Я встаю. Отодвигаю стул. Ее глаза расширяются от ужаса. Она пытается схватить меня за край плаща.
- Нет! Если ты уйдешь... если ты бросишь меня сейчас... - ее голос дрожит, переходит на шепот, полный наигранного, отчаянного трагизма. - Я не буду принимать лечение! Я умру!
Мой взгляд скользит по палате. Пожилая женщина перестала смотреть в стену. Две другие притихли, не скрывая любопытства. Даже та, в лохмотьях, повернула голову в нашу сторону. Хорошо. Пусть видят. Пусть запомнят, что я здесь ни при чем.
Я поворачиваюсь к Лене и смотрю на нее в последний раз.
- Ты не поняла, - говорю я с искренним недоумением. – Ты не можешь манипулировать своим состоянием, потому что мне правда плевать, на все, что связано с тобою. Что ты будешь с собой делать и как дальше жить. Ты занимаешь последнее место в моей картине мира. Нет, даже лучше - тебя там вообще нет. Делай что хочешь. Никто тебя спасать не будет.
Я делаю паузу, давая этим словам достичь цели. Вижу, как они вбиваются в ее сознание, как гвозди.
- А если вдруг доведешь начатое до конца, - добавляю я уже почти мягко, с ледяным спокойствием, - подумай о том, что и оплакивать тебя тоже некому. И все это - результат твоих трудов, Лена. Нет ни одного человека, кто бы хорошо к тебе относился. Подумай об этом. И измени хоть что-то, пока еще не стало поздно.
Я разворачиваюсь и выхожу из палаты. Не оглядываюсь. Ее тихий, захлебывающийся плач остается позади, поглощаемый больничной тишиной.
В коридоре, прислонившись к стене, меня ждет Влад.
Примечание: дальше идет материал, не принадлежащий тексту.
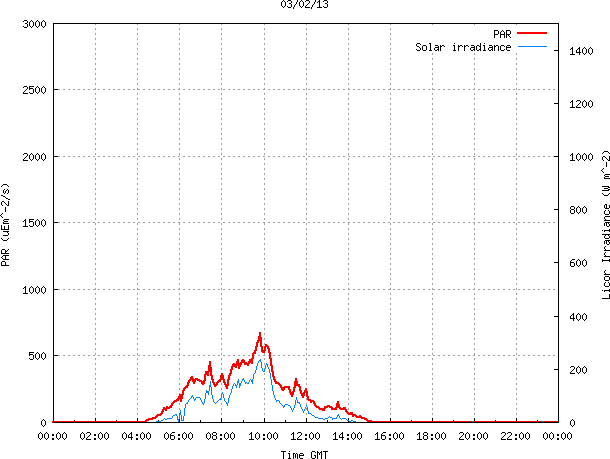 The PML meteorological station, situated on the south-west corner of the building roof, consists of a Hygroclip S3 temperature and humidity sensor housed in a radiation shield, a Mierij Meteo solid state wind sensor (MMW-005), a Chelsea instruments half-hemisphere PAR sensor, a Li-Cor pyranometer (LI-200SZ) and an Omni Instruments 6" tipping bucket raingauge (RG200). The data are logged every 5 minutes using a Pace Scientific XR5 data logger. The real-time rainfall data is likely in error - the correct values will be displayed after a time lag of approximately 24 hours. The meteorological station is sheltered from winds in the north-east and underestimates winds from this quarter. To use these data please contact Dr Tim Smyth.

Он не задает вопросов, просто смотрит на мое лицо, читает по нему все, что нужно, сухо кивает, берет под локоть. Его молчаливая поддержка - единственное, что не дает сорваться в истерику.
Он ведет меня в кабинет главного врача. Кажется, тот, кто звонил мне, просил зайти на личный разговор. Что ж, пускай.
За столом сидит мужчина с лицом бульдога, щеки висят вниз под глазами гигантские мешки. Такому врачу и самому бы здоровье проверить.
Он смотрит на меня с неодобрением, так, будто я лично заставила Лену сделать то, что она сделала.
- Резникова пока остается у нас, но долго я ее держать не смогу, - начинает он, отчеканивая слова. – Для начала нужно получить оставшиеся анализы. Но жизни, в целом, ничего не угрожает. - Он делает паузу, тяжело вздыхает. – Как вы понимаете, мы обязаны сообщить в полицию о подобном случае. И, по-хорошему, отсюда ей дорога в психдиспансер.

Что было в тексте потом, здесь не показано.